Gün geçmiyor ki sabah uyandığımızda hükümetin ileri demokrasi örneklerinden birine daha maruz kalmayalım. Bu sabah yeni bir KCK adı altında yapılan soruşturma kapsamında baskınlara ve gözaltılara tanık olduk.
İstanbul, Ankara, İzmir, Diyarbakır, Mersin, Adana, Van, Malatya, Şanlıurfa, Elazığ, Mardin, Siirt, Batman, Şırnak’ta Terörle Mücadele Şubelerine bağlı polis ekipleri evlere ve kurumlara baskınlar düzenledi.
Soruşturma kapsamında İHD Diyarbakır Şubesi’nde, BDP’nin birçok ildeki binalarında, KESK Genel Merkezi’nde, çeşitli illerdeki BDP’li belediye binalarında, Kurdî-Der’in Diyarbakır binalarında, TUHAYDER’de, Kayapınar Cegerxwîn Kültür Gençlik Merkezi’nde, Dicle Fırat Kültür Merkezi’nde Eğitim-Sen Diyarbakır ve Şanlıurfa Şubelerinde arama yapılırken; aralarında BDP Merkez Yönetim Kurulu üyesi Tuncer Bakırhan, BDP eski milletvekili Fatma Kurtulan, DİHA muhabiri Murat Çiftçi, KESK uzmanı İsmet Aslan’ın da bulunduğu şimdilik 45 kişinin gözaltına alındığı; Ankara’da Diyarbakır Milletvekili Leyla Zana’nın evine ve bürosuna baskın yapılarak arama yapıldığını öğrendik.
Yeni Strateji Dur Durak Tanımıyor
Böylece Hükümetin merkezden planladığı yeni stratejinin bir hamlesi daha gerçekleştirildi. Türkiye millî birlik ve beraberlik projesinde bir adım daha attı! Ayrıca Başbakanın Leyla Zana’yı hedef alan açıklamaları da karşılığını buldu.
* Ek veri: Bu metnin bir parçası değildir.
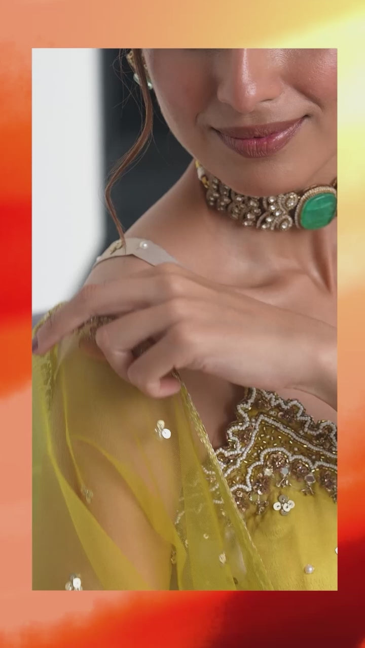 Embrace the festive spirit with this lively and elegant yellow-ivory Anarkali set. Featuring a modern cut blended with traditional flair, it’s adorned with hand-embroidered pearls and sequins that sparkle as you move. Its comfortable, flared design makes it ideal for celebrations like Rakhi, Teej, or Haldi. The soft, lightly embellished net dupatta adds a touch of grace. Made from luxurious silk with mirror, bead, cut dana, and sequin details, the panelled silhouette flows beautifully. Pair it with bold earrings or a choker for a fun, royal vibe that’s sure to turn heads.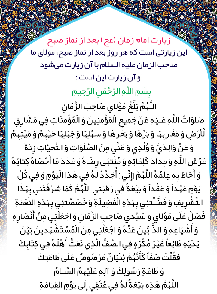زیارت امام زمان (عج) بعد از نماز صبح با صدای استاد فرهمند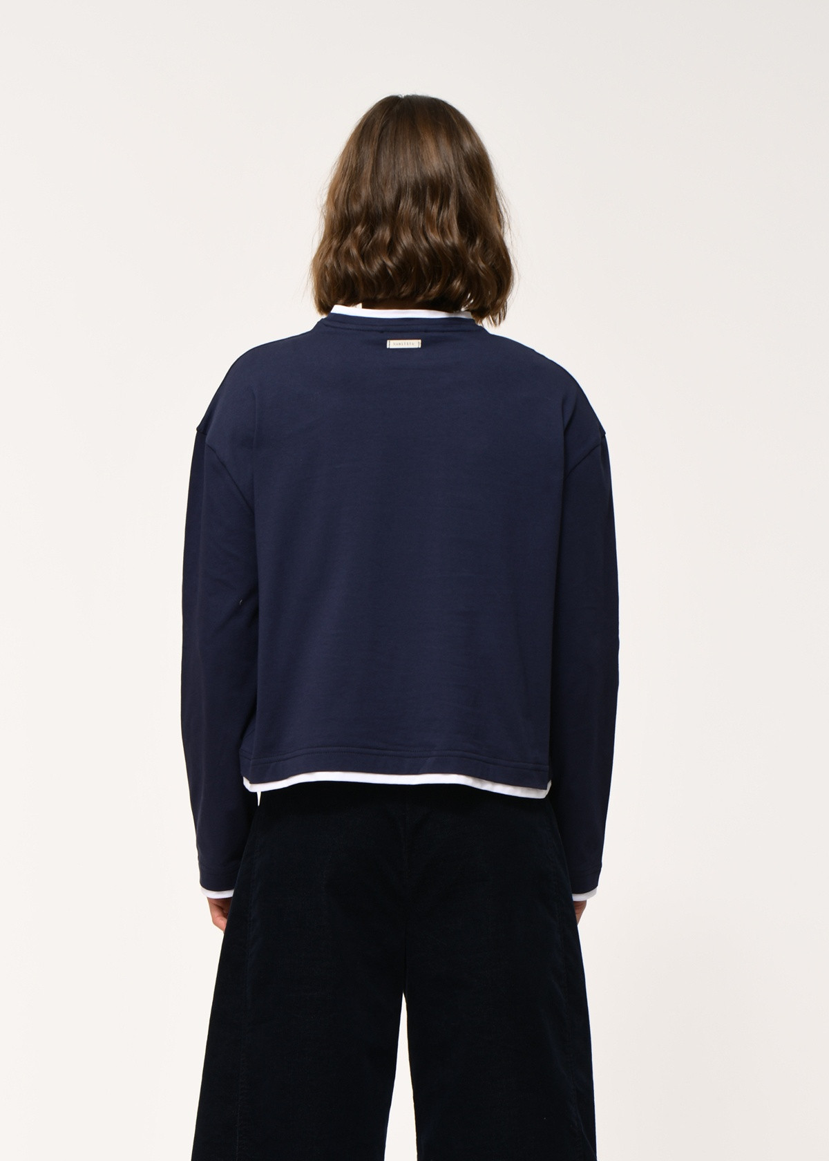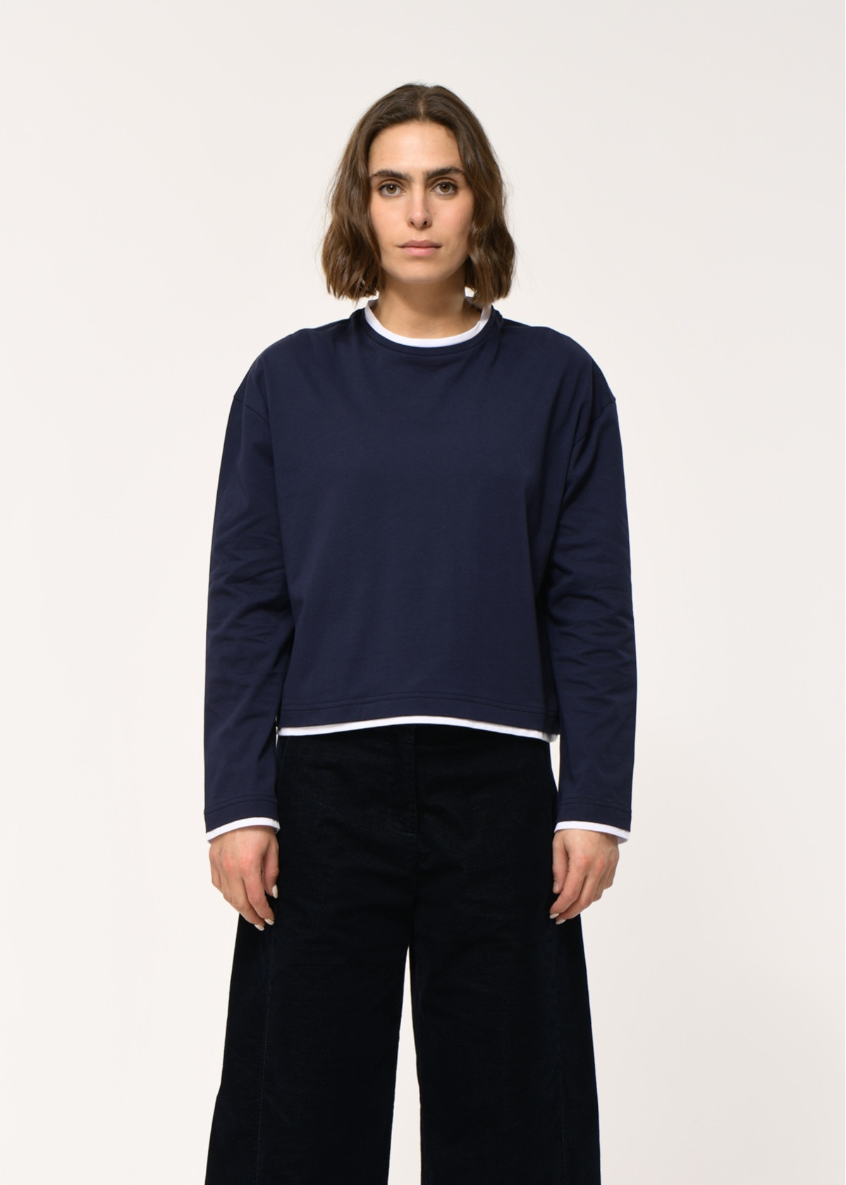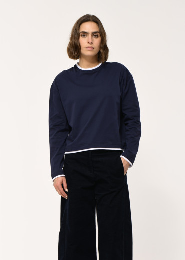 Camiseta de algodón orgánico de manga larga, cuello redondo, corte recto y doble ribete en contraste en el escote, bajo de las mangas y cuerpo.

Özel yetki savcılar ve mahkemeler de siyasal iktidarla ne kadar iç içe çalıştıklarını bir kez daha kanıtladı.
Bugün İHD Diyarbakır Şubemizde de polis tarafından arama yapılmış, dernekte bulunan tüm bilgisayarların hard disklerinden imaj alınmış ve çeşitli dernek dokümanlarına el konulmuştur. Arama ve el koyma ile ilgili olarak İstanbul Özel Yetkili Cumhuriyet Savcılığı’nın 2010/521 soruşturma nolu dosyası kapsamında talepte bulunulmuş, bu talep İstanbul 10. Özel Yetkili ve Görevli Ağır Ceza Mahkemesi’nin 2012/400 sayılı arama el koyma kararıyla kabul edilmiştir. İHD Diyarbakır Şubesi’ne yönelik bu arama ve el koyma kararında şube yönetici ve çalışanlarıyla ilgili hiçbir işlem yapılmadığı halde doğrudan doğruya tüzel kişiliğe yönelik karar verilmesi açıkça hukuka aykırı ve keyfidir. Kararda hiçbir somut gerekçeye yer verilmemiştir. İstanbul Savcılığı’nın Diyarbakır’da bulunan bir dernekle ilgili bir soruşturma yürütmesi de CMK’ya da açıkça aykırıdır. İHD Genel Merkezi bu hususla ilgili gerekli girişimlerde bulunmuştur.
İstanbul Özel Yetkili Cumhuriyet Savcılığı ve İstanbul 10. Ağır Ceza Mahkemesi, Birleşmiş Milletler İnsan Hakları Savunucularının Korunması Bildirgesi’ni açıkça ihlal etmiştir. Ağır hak ihlallerinin giderilmesi noktasında 1986 yılından beri mücadele eden derneğimizin Diyarbakır Şubesi’nin bu kadar keyfi bir şekilde aranması ve belgelerine el konulması kabul edilemez.
Türkiye, otoriter yönetim anlayışından totaliter rejime doğru hızla ilerlemektedir. Siyasal iktidarın bu gidişte sorumluluğu açıktır. Siyasal iktidarı demokrasiye bağlılığa davet ediyoruz. İnsan hakları savunucularının mücadelesi, tüm engelleme çabalarına rağmen, devam edecektir.